萧玄胤接过残纸,低头漠然扫了一眼,淡声道:“一个小角色而已……关进第五间刑室,先饿上三天,再行讯问。”
“遵命……不过……”任元霸吞吞吐吐地道:“这小子虽然是个小角色,背后却有可能牵涉到一桩大事……我家主人随后想要亲自讯问,请祁王殿下恩准。”
“三天后,由你送她单独过来,不得另带他人!”萧玄胤淡漠的声音中满是不耐。
“多谢祁王殿下。”任元霸大喜之余,目梢余光向夏云岚身上一扫,道:“小人前些时间奉命试探祁王妃武功,那时便已看出祁王妃深藏不露,必是苍狼国奸细无疑,殿下却一直不肯相信……”

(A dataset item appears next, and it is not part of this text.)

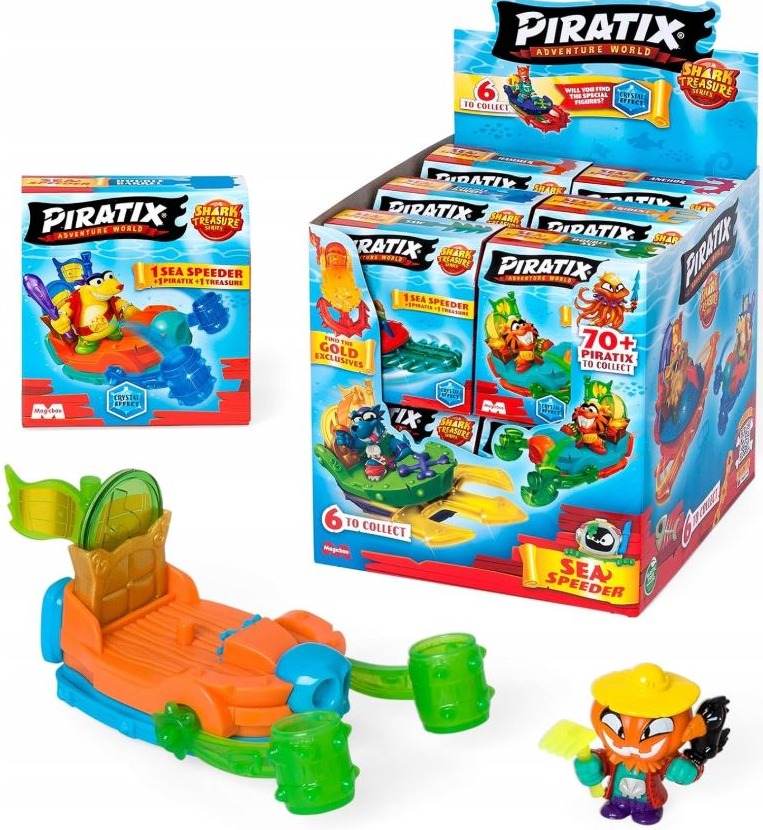 Poznaj świat Piratix! Nowe Piratix przybywają na Sea Speeder, najszybszych jednomiejscowych łodziach po tej stronie Wyspy Rekinów. Do zebrania jest 6 wzorów w wielu kolorach. Każdy z nich zawiera ekskluzywny skarb i flagę, obie z efektem kryształu.
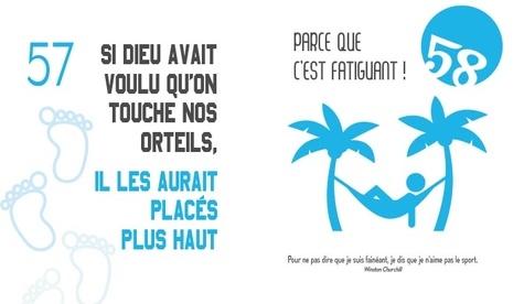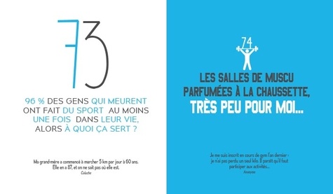Le cadeau idéal pour ôter toute culpabilité à ceux qui ne sont pas des accros du jogging. Un recueil à petit prix, drôle, pétillant et intéressant : faits incroyables, infos scientifiques, citations, dictons... Pourquoi ne pas faire de sport ? Parce que c'est fatiguant ! Les salles de muscu parfumées à la chaussette, très peu pour moi...

“滚!”萧玄胤怒声打断了任元霸的话,眼中几欲冒出火来。
“殿下息怒……小人告退……”任元霸被骂得灰头土脸,但他不敢对萧玄胤怎样,只敢暗暗怒瞪了夏云岚一眼,随即带着两个鬼面侍卫和抓来的奸细退出了刑室。
刑室的门再度合上时,萧玄胤似乎突然失去了力气,站在原地看着夏云岚许久没有说话,也没有举起鞭子。
夏云岚低垂着头,长发早已散敌,鲜血淋漓的身子在铁链下轻轻晃荡,时不时因疼痛而引起一阵抽搐和痉挛。
萧玄胤忽然丢下了鞭子,慢慢走到夏云岚面前,伸手拔开了夏云岚遮住脸颊的长发。
夏云岚仿佛被烙铁烫到般打了个哆嗦,微微抬起眼皮看了萧玄胤一眼。
萧玄胤的脸就像深不可测的海面,不知何时就会再度掀起一场惊涛骇浪。
“是不是很疼?”萧玄胤抚摸着她的脸颊低声问道。
夏云岚张大了眼睛。
他居然问她——是、不、是、很、疼?
夏云岚心里觉得无比可笑,这个适才恶魔一般将她折磨得生不如死、体无完肤的男人,这会儿居然问她是不是很疼?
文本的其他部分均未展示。